I am working on Exercise 5.21 from Rotman's algebraic topology book:
Assume that $X$ has five path components. If $CX$ is the cone on $X$, what is $H_1(CX,X)$?
Here is my solution:
We know that there is a long exact sequence $$\dots\to \tilde H_1(CX)\to H_1(CX,X)\to\tilde H_0(X)\to\tilde H_0(CX).$$ Since $CX$ is contractible, we know that $\tilde H_1(CX)=H_1(CX)=0$. This means that the image of the map $\tilde H_1(CX)\to H_1(CX,X)$ is $0$, and so the map $H_1(CX,X)\to\tilde H_0(X)$ has $\ker=0$.

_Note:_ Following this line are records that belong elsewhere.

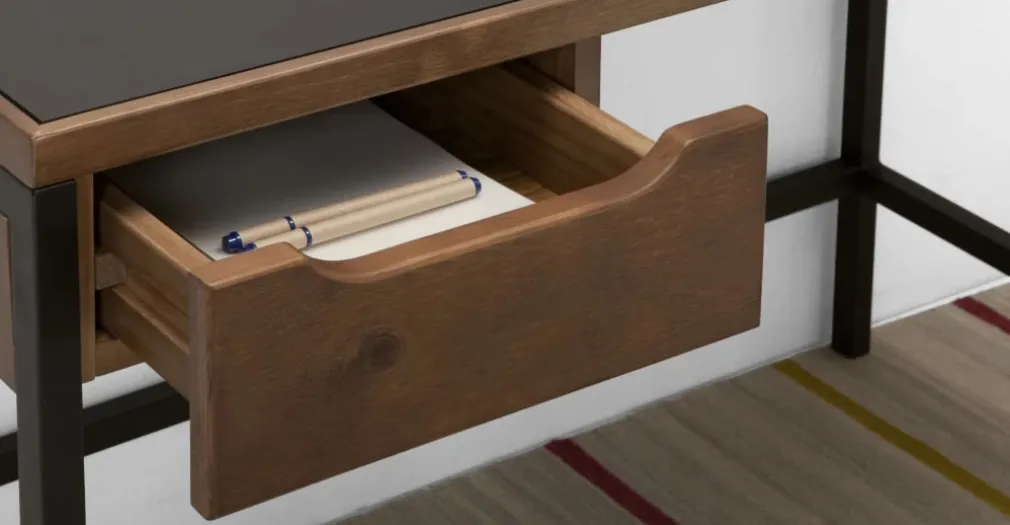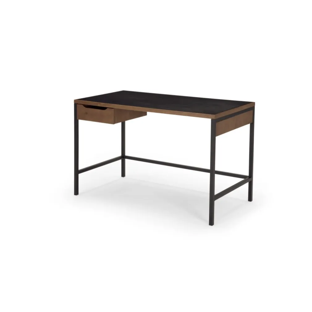 Con una estética basada en el contraste de materiales como el MDF y el fierro este escritorio te ofrece múltiples ventajas, con una amplia superficie puedes organizar tus documentos para desarrollar tus ideas teniendo todo a la mano.
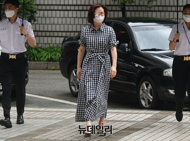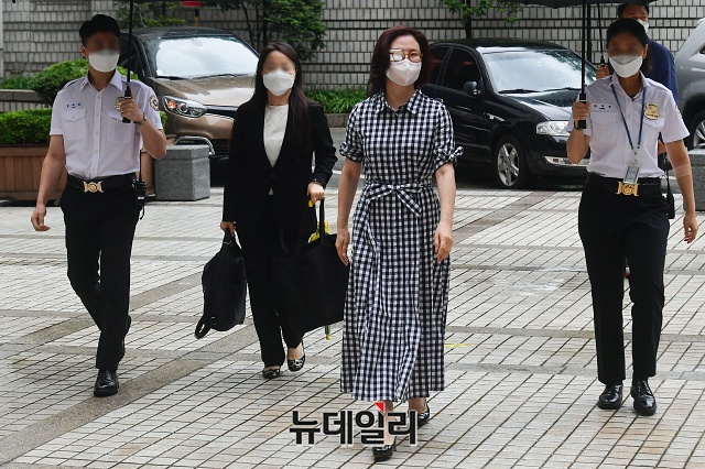 조국 전 법무부 장관 부인 정경심 교수가 23일 오전 서울 서초구 서울중앙지법으로 출석하고 있다. 정 교수는 자녀 입시비리와 사모펀드 의혹 등 14개 혐의로 기소됐다.
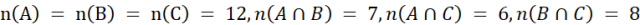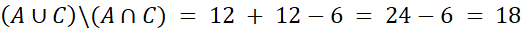 Suma zbiorów A i C, to zsumowane elementy każdego z tych zbiorów 12 + 12 = 24, oraz odjęta ich część wspólna - 6. Zatem 24 - 6 = 18.
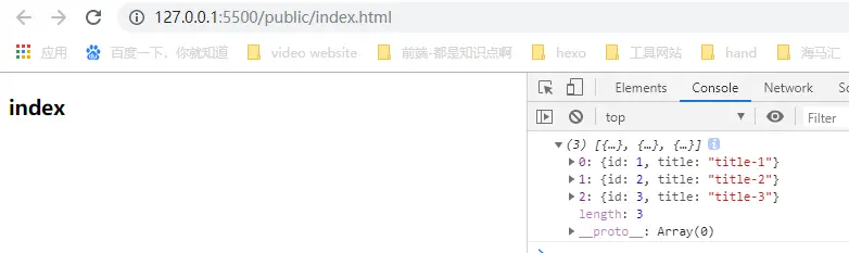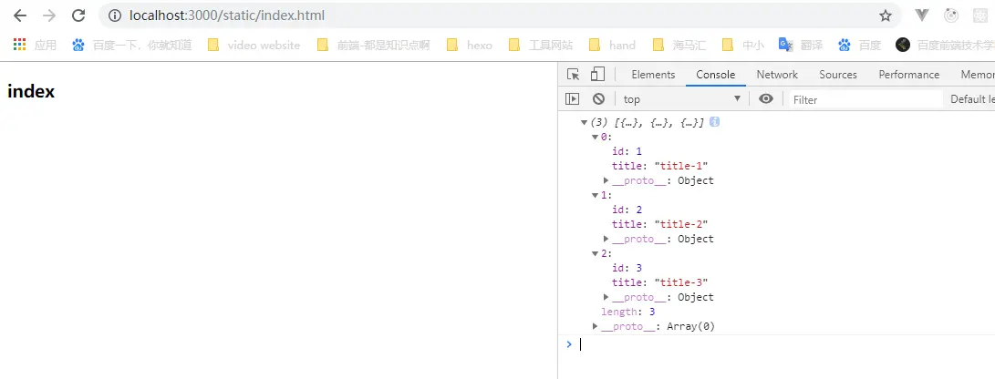 上述在静态文件 index.html 中, 请求了接口 http://localhost:3000/data 这个数据, 可以看下控制台输出, 拿到了数据
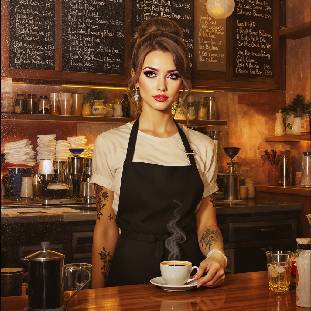 View this AI-generated image featuring full body portrait of the most beautiful barista girl in the world eye focus serving coffee detailed symmetrical face reflective eyes mascara makeup prominent cheekbones cozy tattoos detailed lighting dramatic chiaroscuro modern cafe interior design stomach mus

We also know that $\tilde H_0(X)$ is the free abelian group with rank equal to one less than the number of path components of $X$. Thus $\tilde H_0(X)=\mathbb Z^4$ and $\tilde H_0(CX)=0$. Hence the map $H_1(CX,X)\to H_0(X)$ has image isomorphic to $\mathbb Z^4$ (since the map $\tilde H_0(X)\to\tilde H_0(CX)$ is everywhere $0$), from which we conclude that $H_1(CX,X)\cong\mathbb Z^4$.
I don't see any mistakes, but this is one of my first relative homology group computations, so I'd just like to check if the solution is actually correct.
EDIT: I just edited my solution (I messed up a bit by working with regular homology, instead of reduced homology groups; I think the solution is basically the same either way, but I think this one is better).
Best Answer
This community wiki solution is intended to clear the question from the unanswered queue.
Yes, your proof is correct. If you have an exact sequence $$0 \to A \to B \to 0,$$ then $A \to B$ is an isomorphism. Take $A = H_1(CX,X)$ and $B = \tilde H_0(X)$.